I am very careful with this special fruit. With all hot peppers I use gloves and have even been known to wear a face mask with some of the more potent varieties. You really can’t be too careful, the capsaicin in the peppers is unforgiving if it is not handled properly. Be aware of what can happen if you get capsaicin in your eyes or on other sensitive body parts because of the burning sensation it causes. If capsaicin gets in your eyes, immediately flush your eyes with water. To rid other sensitive areas of capsaicin and the burning feeling, wash the areas with warm soapy water. Keep capsaicin out of reach of children.
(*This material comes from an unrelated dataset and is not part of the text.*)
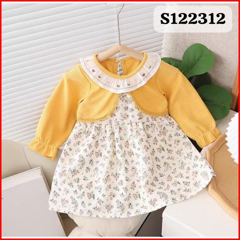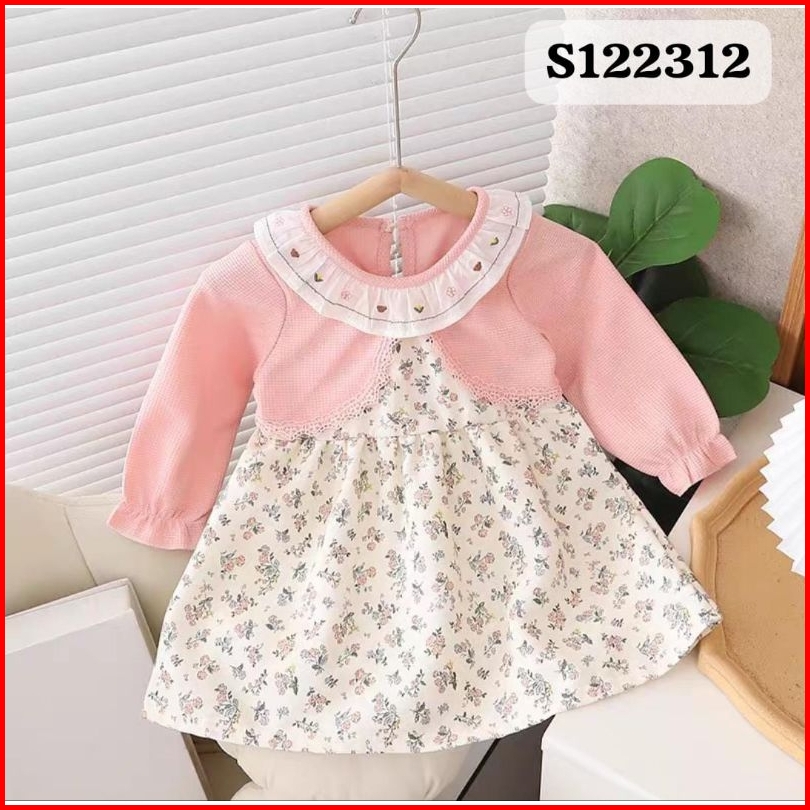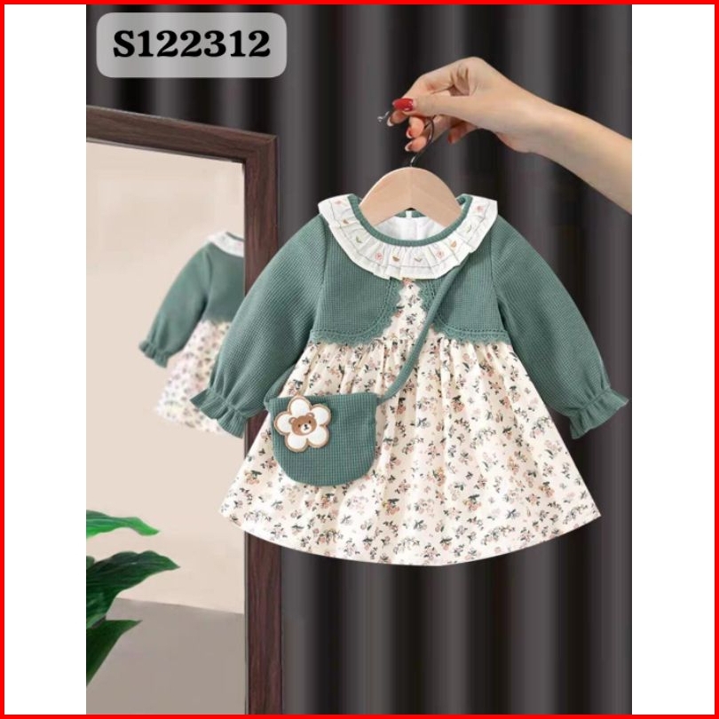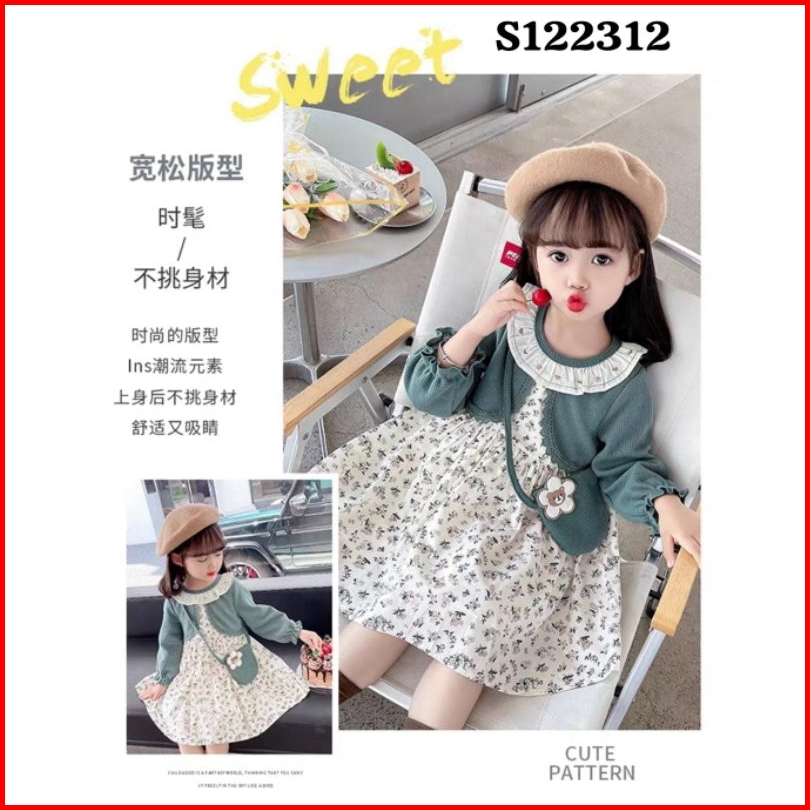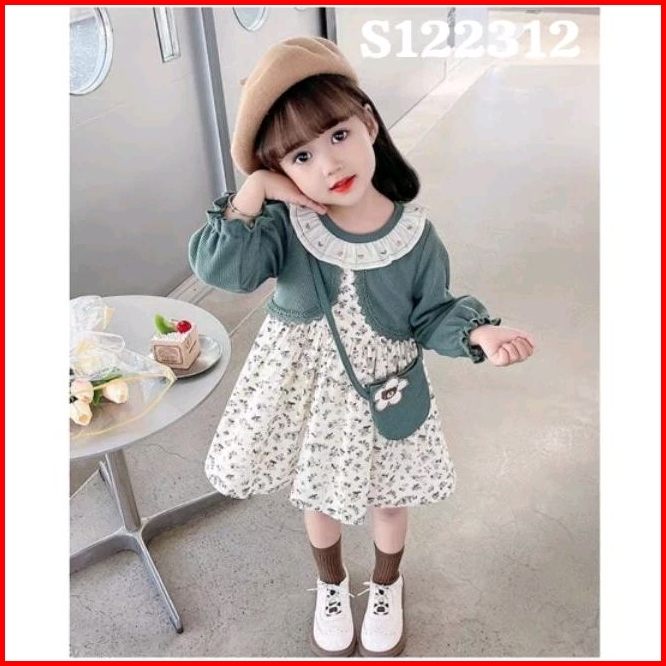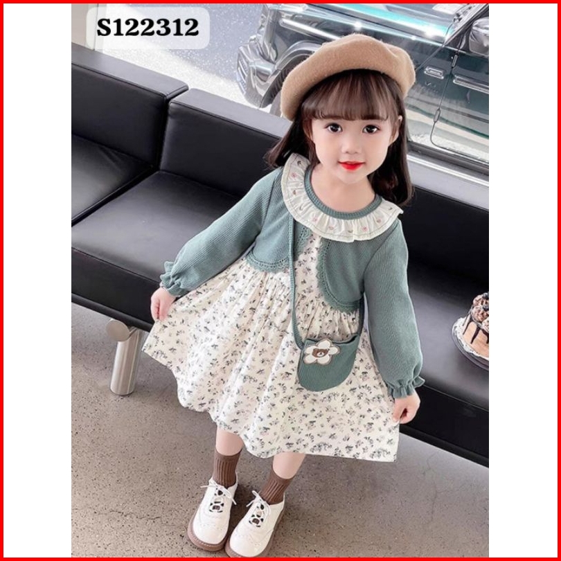 Inesra - Fashion Dress Gaun Lengan Panjang Anak Perempuan Katun Rajut Linen
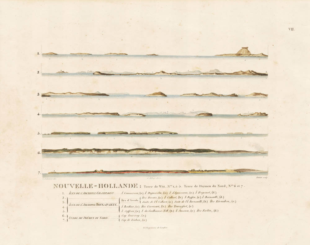 One of the duties for the artists on board the Baudin voyage was to keep a pictorial record of events. This illustrations by the expedition's talented artist Charles Lesueur shows coastal profiles.

I don’t just use the hot pepper for culinary purposes, I use it extensively for it’s healing properties. I make salves, tonics, extracts and teas. Ah, and let’s not forget, saving seeds. I am a nut about carefully planting my varieties at a safe distance from each other and at season’s end I carefully collect and save the seeds for next years crop. It is important to make sure none of the hot pepper varieties are planted anywhere near the sweet varieties. The hot does change the sweet, or so I have learned. I currently grow approximately 6 varieties of sweet peppers and about 20 varieties of the hot peppers. I donate a large amount of seeds to a seedbank, sell a number of packets, and use a bunch to grow peppers all year round. I currently have a vast amount of small pepper plants growing all around my home. I have been lucky to have a harvest of my favorites all year. Here’s a tip for avid growers, pepper plants are perennials. hey are semi-tropical plants, and cannot handle cold weather. The reason they are normally grown as annuals is because the winter temperatures in most places will kill them! However, it is possible to keep a pepper plant alive for several years, via a process known as overwintering. Overwintering is a method of providing a pepper with the proper growing conditions to keep it alive and thriving during the cold winter months (the hardiest of mine come inside for the winter).